Try a few different transformations of the variables, such as \(\log (X), \sqrt{X}, X^{2}\). Comment on your findings.
# Auto[,c(-8,-9)] no transformation on origin
R2 <- rep(0,6)
R2.log <- R2
R2.sqrt <- R2
R2.quadr <- R2
for (i in 2:7){
# X
R2[i-1] <- summary(lm(Auto$mpg ~ Auto[,i]))$r.squared
if (min(Auto[,i]<0)){
X <- Auto[,i]+min(Auto[,i])
}else{
X <- Auto[,i]
}
# log(X)
R2.log[i-1] <- summary(lm(Auto$mpg~log(X+1)))$r.squared
# sqrt(X)
R2.sqrt[i-1] <- summary(lm(Auto$mpg~sqrt(X)))$r.squared
# X+X^2
X <- Auto[,i]
R2.quadr[i-1] <- summary(lm(Auto$mpg~X+I(X^2)))$r.squared
}
library(dplyr)
##
## Attaching package: 'dplyr'
## The following objects are masked from 'package:stats':
##
## filter, lag
## The following objects are masked from 'package:base':
##
## intersect, setdiff, setequal, union
method <- c("none", "log", "sqrt", "quadratic")
p <- data.frame(predictor = colnames(Auto)[2:7],
R2 = round(R2, 3),
R2.log = round(R2.log, 3),
R2.sqrt = round(R2.sqrt, 3),
R2.quadr = round(R2.quadr, 3))
p <- p %>%
mutate(R2.max = pmax(R2, R2.log, R2.sqrt, R2.quadr),
method = method[max.col(p[,2:5])]) %>%
arrange(desc(R2.max))
p
## predictor R2 R2.log R2.sqrt R2.quadr R2.max method
## 1 weight 0.693 0.713 0.706 0.715 0.715 quadratic
## 2 displacement 0.648 0.686 0.675 0.689 0.689 quadratic
## 3 horsepower 0.606 0.668 0.644 0.688 0.688 quadratic
## 4 cylinders 0.605 0.605 0.606 0.607 0.607 quadratic
## 5 year 0.337 0.332 0.335 0.368 0.368 quadratic
## 6 acceleration 0.179 0.190 0.185 0.194 0.194 quadratic
\(X^2\) transformation seems more suitable.
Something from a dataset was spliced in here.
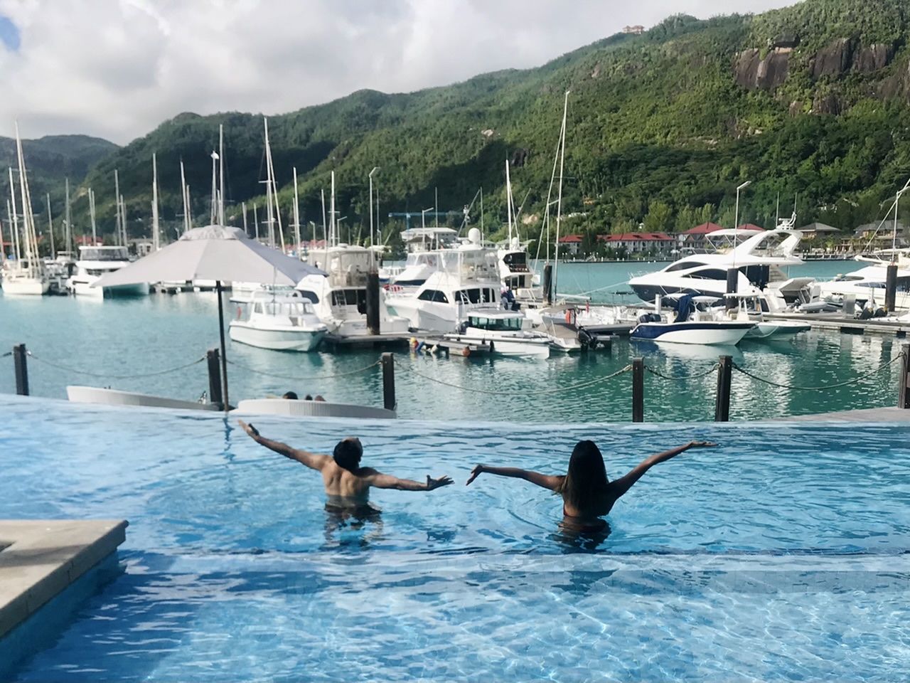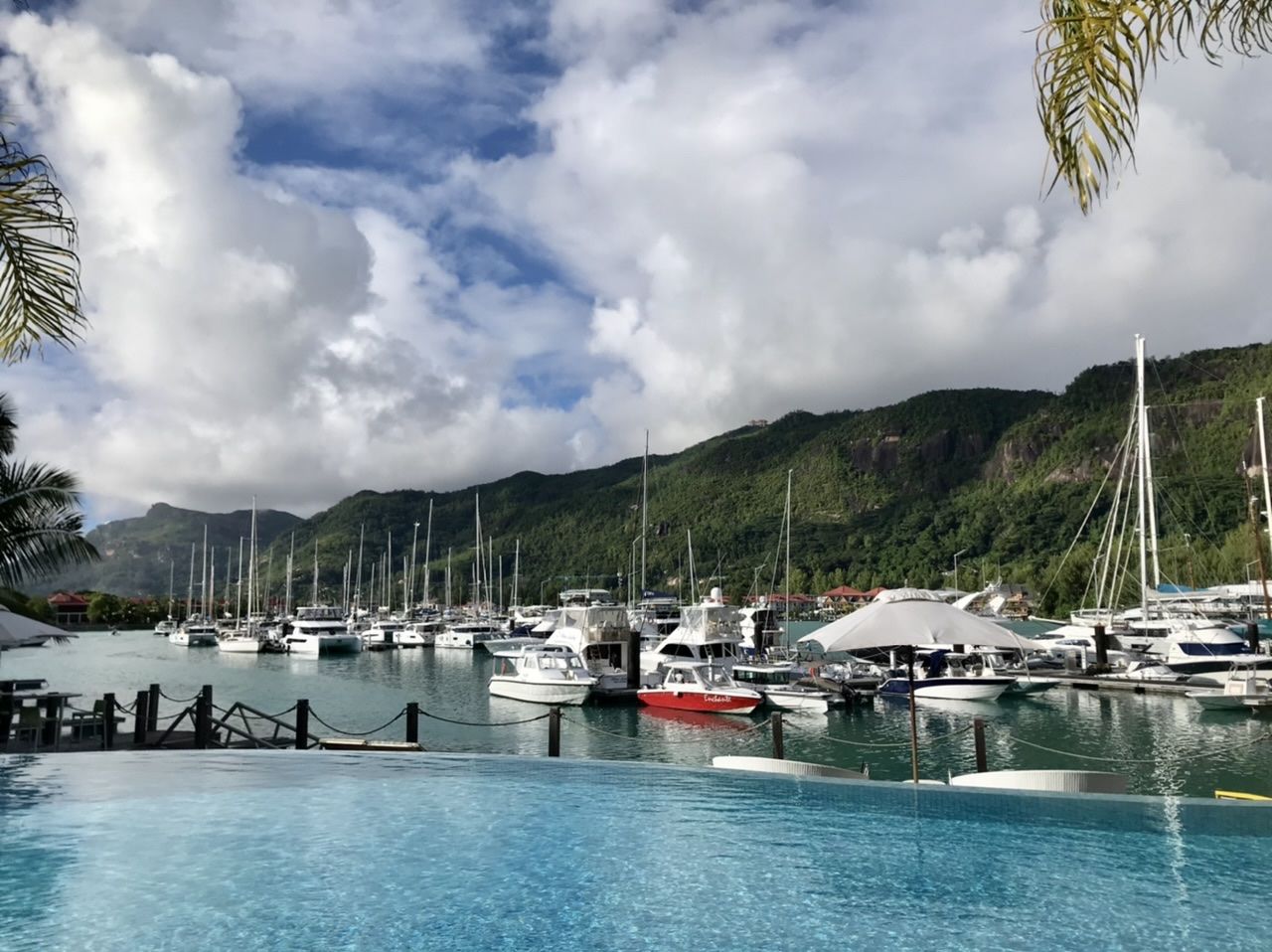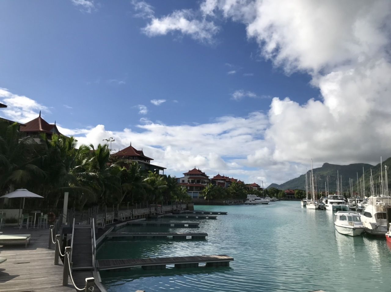 โรงแรมที่เราพักอยู่นั้นตั้งอยู่บนเกาะ Eden Island ที่ตั้งอยู่ไม่ห่างจาก Mahe Island ที่เป็นเกาะหลักของที่นี่ค่ะ เราไม่ได้รับอนุญาตให้ออกไปนอกจากบริเวณของโรงแรมเนื่องจากเป็นมาตรการในการป้องกันการแพร่ระบาดของโควิด (แน่ล่ะ เจ้าพวกลูกเรือที่ดึ๋ง ๆ ไปมารอบโลกอาจจะมีเชื้อไวรัสอยู่ในร่างกายก็เป็นได้ แม้จะได้รับวัคซีนกันแล้วก็เถ๊อะ) เลยอดออกไปเที่ยวเล่นในเมือง Victoria เมืองหลวงของเซเชลส์ซึ่งเป็นเมืองหลวงที่เล็กที่สุดในโลก แต่ก็ยังดีที่ไม่ต้องอุดอู้อยู่แต่ในห้องนอนอีกต่อไป สามารถลงมารับประทานอาหารในร้านและใช้พื้นที่ส่วนกลางได้ ฮูเร่!

We then visualize the improvement of \(R^2\). Here I refer to https://rpubs.com/lmorgan95/ISLR_CH3_Solutions.
library(tidyr)
colnames(p)[2:5] <- method
mpg_predictors <- p %>%
select(-c(R2.max, method)) %>%
gather(key = "method", value = "R2", -predictor)
mpg_predictors$predictor <- factor(mpg_predictors$predictor,
ordered = T,
levels = p$predictor)
mpg_predictors$method <- factor(mpg_predictors$method,
levels = method)
library(ggplot2)
##
## Attaching package: 'ggplot2'
## The following object is masked from 'Auto':
##
## mpg
ggplot(mpg_predictors, aes(x = R2, y = predictor, col = method, group = predictor)) +
geom_line(col = "grey15") + geom_point(size = 2) +
theme_light() + theme(legend.position = "bottom") +
labs(title = "Best predictors (& transformations) for mpg",
col = "Predictor Transformation",
y = "Predictor")
Concluded from the graph, we should test quadratic terms for weight
, displacement
, horsepower
and year
.
fit.lm.2 <- lm(mpg ~ . + I(weight^2) + I(displacement^2) +
I(horsepower^2) + I(year^2), data = Auto[,-9])
summary(fit.lm.2)
##
## Call:
## lm(formula = mpg ~ . + I(weight^2) + I(displacement^2) + I(horsepower^2) +
## I(year^2), data = Auto[, -9])
##
## Residuals:
## Min 1Q Median 3Q Max
## -8.4816 -1.5384 0.0735 1.3671 12.0213
##
## Coefficients:
## Estimate Std. Error t value Pr(>|t|)
## (Intercept) 4.185e+02 6.966e+01 6.008 4.40e-09 ***
## cylinders 5.073e-01 3.191e-01 1.590 0.112692
## displacement -3.328e-02 2.045e-02 -1.627 0.104480
## horsepower -1.781e-01 3.953e-02 -4.506 8.81e-06 ***
## weight -1.114e-02 2.587e-03 -4.306 2.12e-05 ***
## acceleration -1.700e-01 9.652e-02 -1.762 0.078960 .
## year -1.019e+01 1.837e+00 -5.546 5.49e-08 ***
## origin2 1.323e+00 5.304e-01 2.494 0.013068 *
## origin3 1.258e+00 5.129e-01 2.452 0.014637 *
## I(weight^2) 1.182e-06 3.438e-07 3.439 0.000649 ***
## I(displacement^2) 5.839e-05 3.435e-05 1.700 0.089967 .
## I(horsepower^2) 4.388e-04 1.336e-04 3.284 0.001118 **
## I(year^2) 7.210e-02 1.207e-02 5.974 5.35e-09 ***
## ---
## Signif. codes: 0 '***' 0.001 '**' 0.01 '*' 0.05 '.' 0.1 ' ' 1
##
## Residual standard error: 2.776 on 379 degrees of freedom
## Multiple R-squared: 0.8773, Adjusted R-squared: 0.8735
## F-statistic: 225.9 on 12 and 379 DF, p-value: < 2.2e-16
The adjusted \(R^2\) is improved from 0.8205 to 0.8735 after transformation.